*DIRECTIONS FOR THIS TASK*
Don't include pictures. Quote the lines below from the first through the line that contains "To piękna róża".

*INFORMATION SUPPLIED*
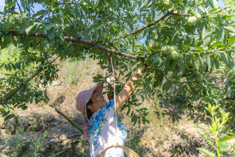 在重庆市巫山县曲尺乡柑园村,果农在采摘巫山脆李。新华社记者黄伟 摄
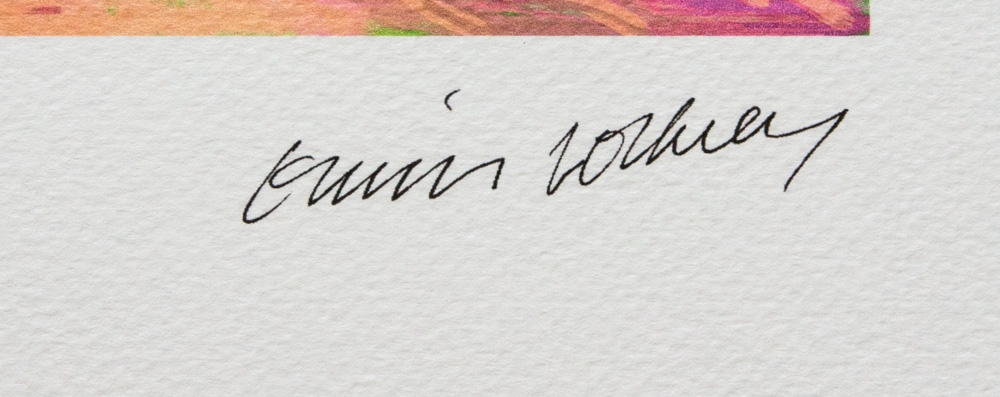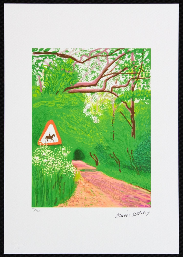 David Hockney (d'après) "The Arrival Of Spring In Woldgate" édition limitée à 200 exemplaires, lithographie offset, planche signée en bas à droite, numérotée au crayon en bas à gauche 112/200, papier coton épais, avec tampon en relief "SPADEM, Paris", format feuille 35 x 50 cm, sans documentation supplémentaire, vendu sans cadre ; nous offrons l'expédition en interne, si l'acheteur remporte plusieurs articles, nous combinerons l'expédition
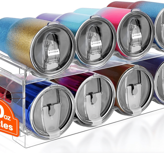 Finally, water bottles are really most practical when you have a convenient place to store them. This Water Bottle Organizer keeps them neat, so you can easily grab the one that suits your needs today.Β This organizer is not as aesthetic, but holds more of the large 40oz water bottles than the wooden one.
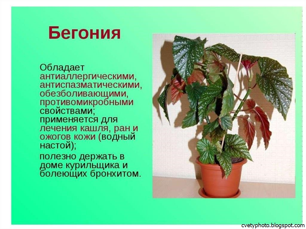 Бегония – остается одним из любимейших цветущих комнатных растений среди цветоводов. Ценится за красоту листьев и обильное цветение. Не требователен в уходе, поражает своим разнообразием видов, хорошо растет на северной стороне, опрыскивать не рекомендуется.
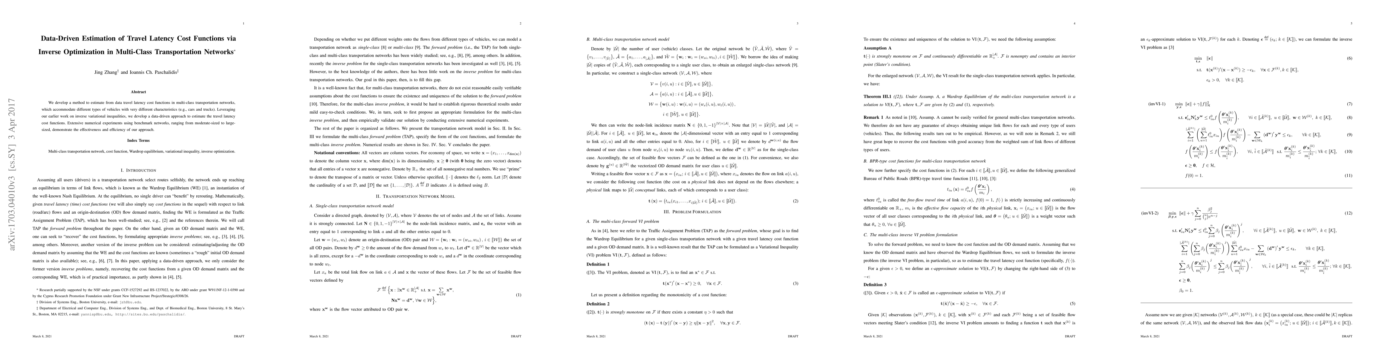 Researchers develop a method to estimate travel latency cost functions in multi-class transportation networks using data-driven inverse optimization. Their approach effectively models different vehicle types and demonstrates high efficiency on various network sizes.
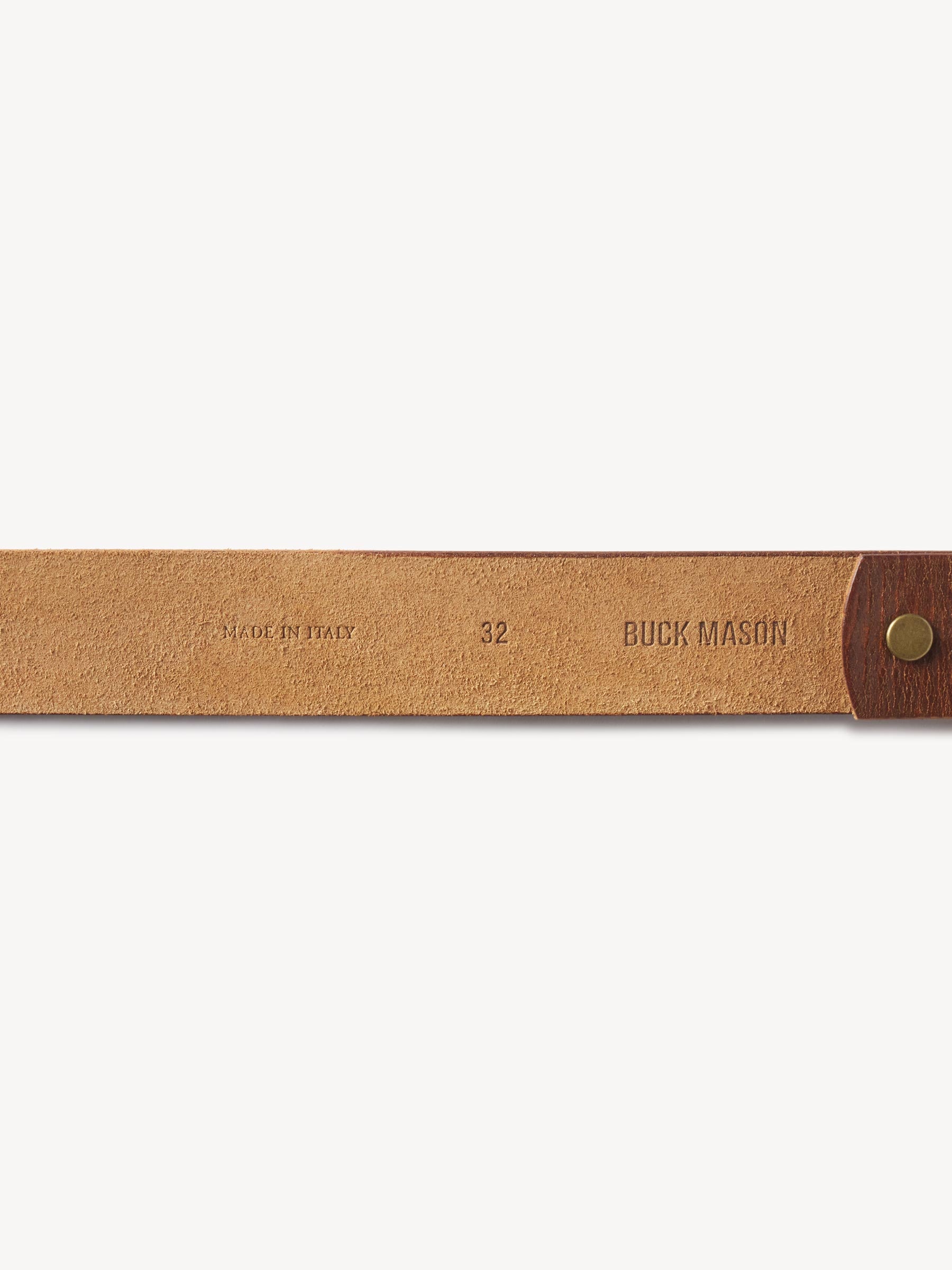 An American classic with military roots. Inspired by garrison belts worn in service uniforms, it’s built from durable, full-grain leather with a subtle, distressed finish. Designed with a snap closure and a removable buckle for easy customization. The hardware is intentionally unfinished and unlacquered, meant to develop a rich patina over time.
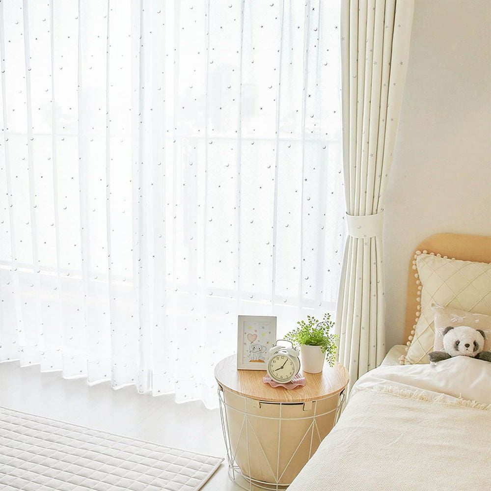 昼も夜も外から室内を見えにくくするレースカーテンです。
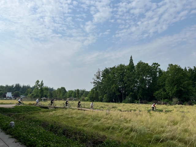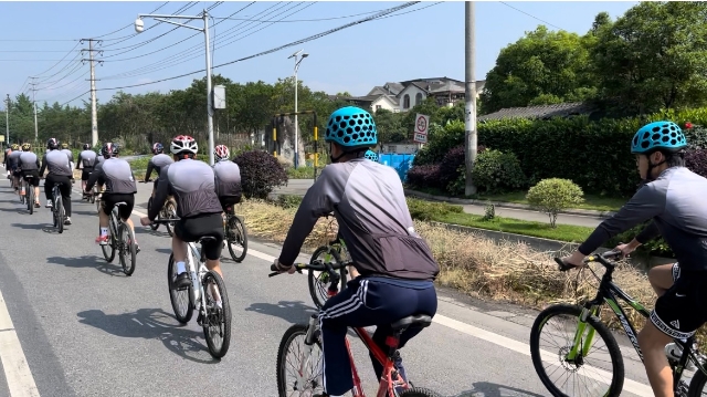 在休闲体育专业老师胡峻嘉的带领下,休体22315班十余名学生提前做好防护工作和安全检查,顶着炎炎烈日向目的地进发。整个骑行过程安全有序,顺利完成课程实训任务。
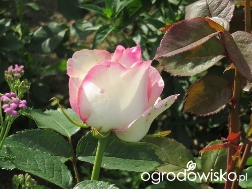 To piękna róża wielkokwiatowa. Kwiat jest duży, biały z dodatkiem różu. Co jest ciekawe, to u mnie nie rozwija się, pozostaje jakby w pąku i kwiat jest bardzo trwały. Bardzo mi się ona podoba.
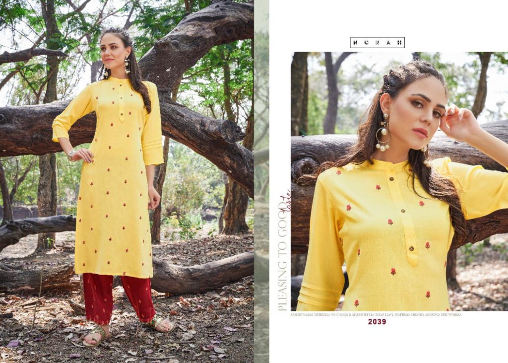 | DETAILS | *NEHA FASHION LAUNCHES OUR NEW CATALOUGE KURTI WITH PLAZO* CATALOGUE NAME- *NIRVI* ?FABRIC TOP – *RAYON SLUB with Embroidery Work* ?PLAZO- *RAYON SLUB with Embroidery Work* SIZE – *L(40), XL(42), 2XL(44), 3XL(46)* |
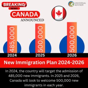 Keeping Consistency in Immigration Targets Canada has recently disclosed its Immigration Levels Plan for the upcoming years, maintaining its current immigration targets. In 2024, the goal is to admit 485,000 new immigrants, with an increase to 500,000 annually in 2025 and 2026. Check Your Eligibility Today Steadfast Targets from the...
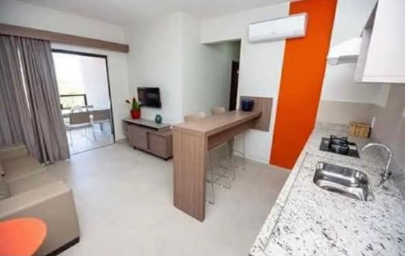 Furnished apartment for 5 people inside an ecoresort. Exclusive location, comfort, hot water pools, beach, children's playground, several restaurants and gym. Special Offer!
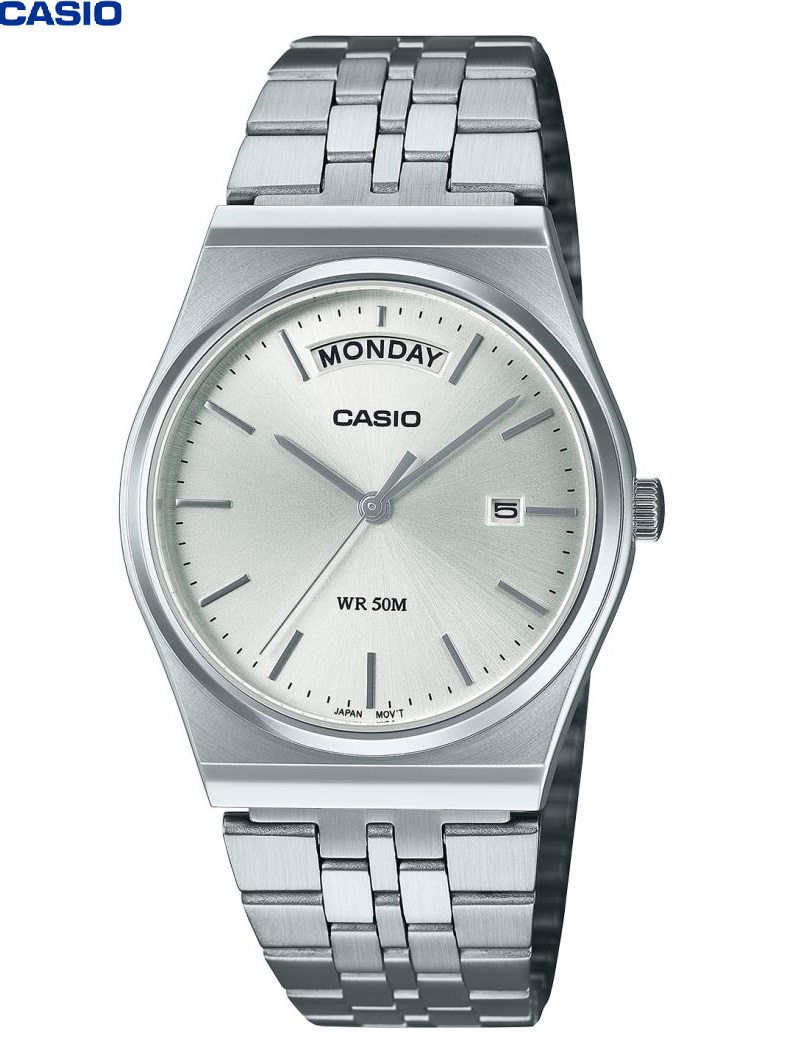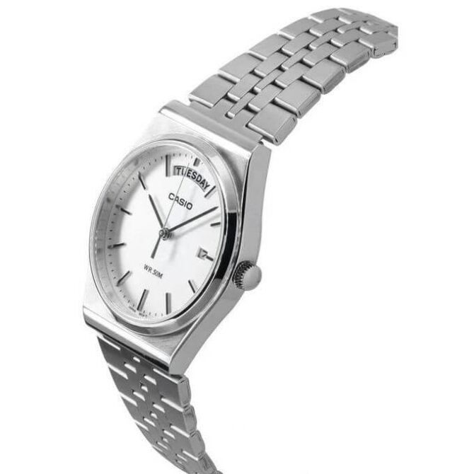 Casio Montre Homme Cadran blanc Bracelet acier inoxydable silver etanche Quartz–mtp-b146d-7avdf
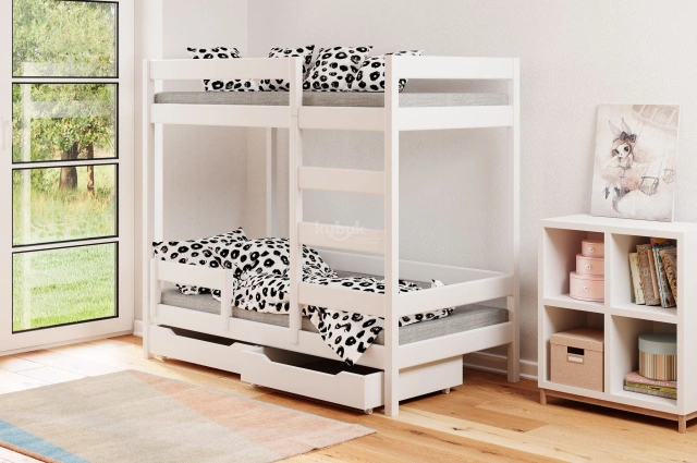 Zwei-Personen-Bett. Zwischen den Betten kann man frei sitzen. Die funktionelle Konstruktion erspart den Raum. Die Gitter stellen den Rausfallschutz dar. Rahmen aus erstklassigem Massivholz, 25 mm stark: •    Zwei Schubfächer angepasst an die Bettlänge •    Stilvolle Ausschnitte ersetzen Griffe •    Die Breite der Schubfächer ist an die Bettgröße angepasst •    Der Boden aus Sperrholzplatte, mit Schaftschrauben befestigt •    Gummierte Räder Bett geeignet für 10 - 12 cm dicke Matratzen
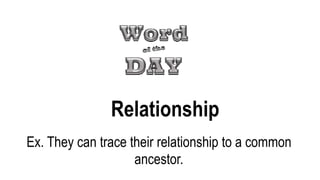 The document discusses the concept of analogies and provides examples of different types of analogy relationships. It defines an analogy as comparing words or concepts based on how they are alike or related. It then outlines 6 basic categories of analogy relationships: 1) pair relationships, 2) opposites, 3) synonyms, 4) characteristics, 5) function or purpose, and 6) product and raw material. For each category it provides examples and asks the reader to identify the relationship in example analogies.
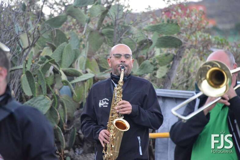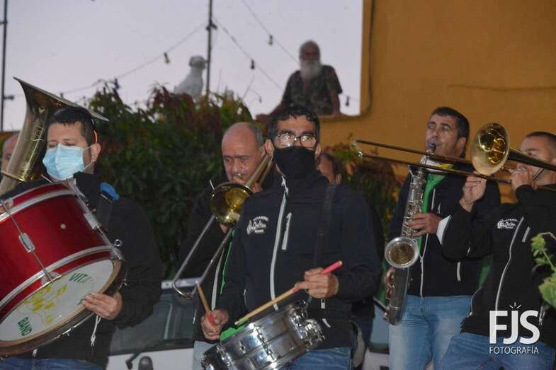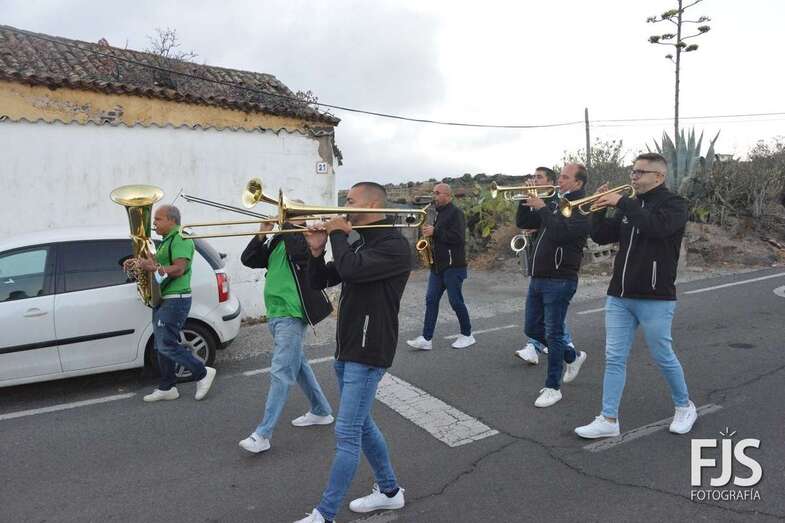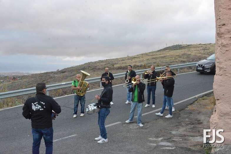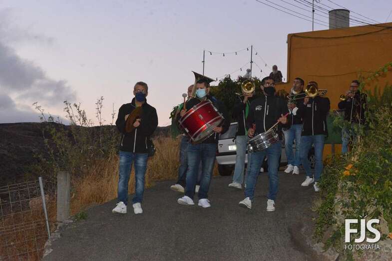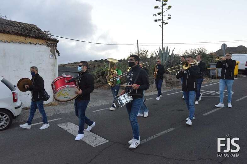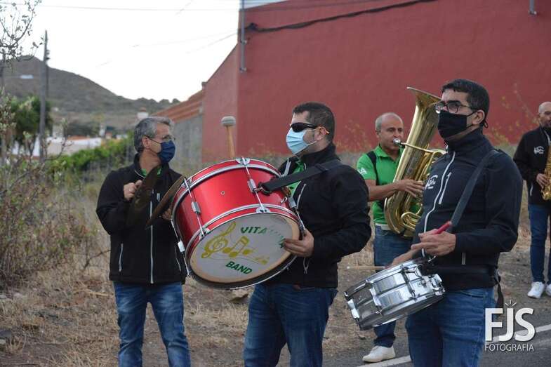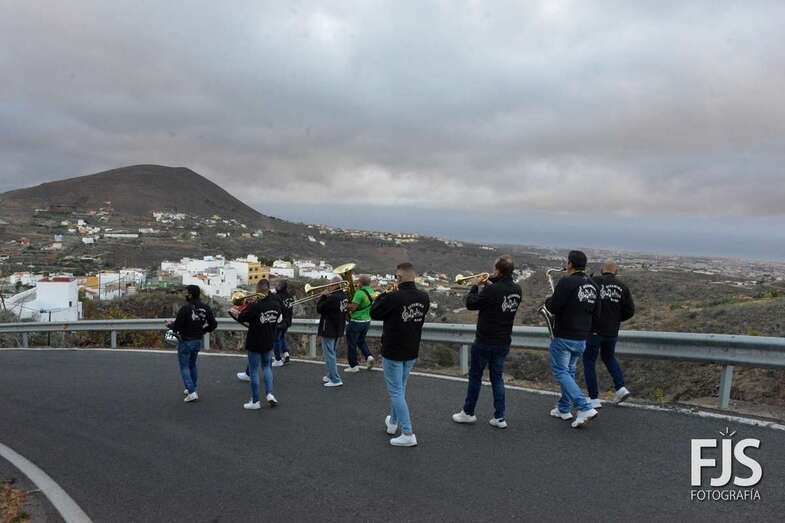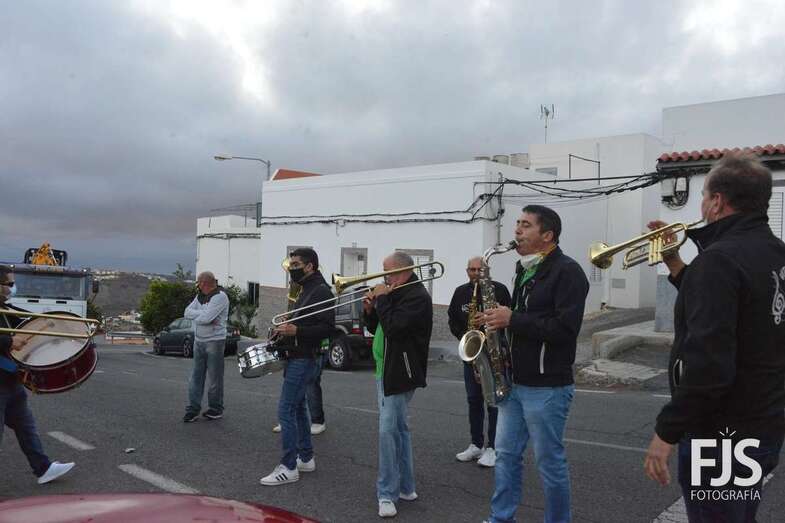 El periplo comenzó en el cruce próximo a la Montaña de Los Barros, coronada como siempre por estas fechas por una gran cruz encendida, y finalizó en el entorno del Consultorio Médico, tras visitar los miembros de Vitamina Band el tempo para hacerle llegar su música a la patrona del barrio y Alcaldesa Perpetua de Telde.

*SOLUTION FOR THIS TASK*
 在重庆市巫山县曲尺乡柑园村,果农在采摘巫山脆李。新华社记者黄伟 摄
 David Hockney (d'après) "The Arrival Of Spring In Woldgate" édition limitée à 200 exemplaires, lithographie offset, planche signée en bas à droite, numérotée au crayon en bas à gauche 112/200, papier coton épais, avec tampon en relief "SPADEM, Paris", format feuille 35 x 50 cm, sans documentation supplémentaire, vendu sans cadre ; nous offrons l'expédition en interne, si l'acheteur remporte plusieurs articles, nous combinerons l'expédition
 Finally, water bottles are really most practical when you have a convenient place to store them. This Water Bottle Organizer keeps them neat, so you can easily grab the one that suits your needs today.Β This organizer is not as aesthetic, but holds more of the large 40oz water bottles than the wooden one.
 Бегония – остается одним из любимейших цветущих комнатных растений среди цветоводов. Ценится за красоту листьев и обильное цветение. Не требователен в уходе, поражает своим разнообразием видов, хорошо растет на северной стороне, опрыскивать не рекомендуется.
 Researchers develop a method to estimate travel latency cost functions in multi-class transportation networks using data-driven inverse optimization. Their approach effectively models different vehicle types and demonstrates high efficiency on various network sizes.
 An American classic with military roots. Inspired by garrison belts worn in service uniforms, it’s built from durable, full-grain leather with a subtle, distressed finish. Designed with a snap closure and a removable buckle for easy customization. The hardware is intentionally unfinished and unlacquered, meant to develop a rich patina over time.
 昼も夜も外から室内を見えにくくするレースカーテンです。
 在休闲体育专业老师胡峻嘉的带领下,休体22315班十余名学生提前做好防护工作和安全检查,顶着炎炎烈日向目的地进发。整个骑行过程安全有序,顺利完成课程实训任务。
 To piękna róża wielkokwiatowa. Kwiat jest duży, biały z dodatkiem różu. Co jest ciekawe, to u mnie nie rozwija się, pozostaje jakby w pąku i kwiat jest bardzo trwały. Bardzo mi się ona podoba.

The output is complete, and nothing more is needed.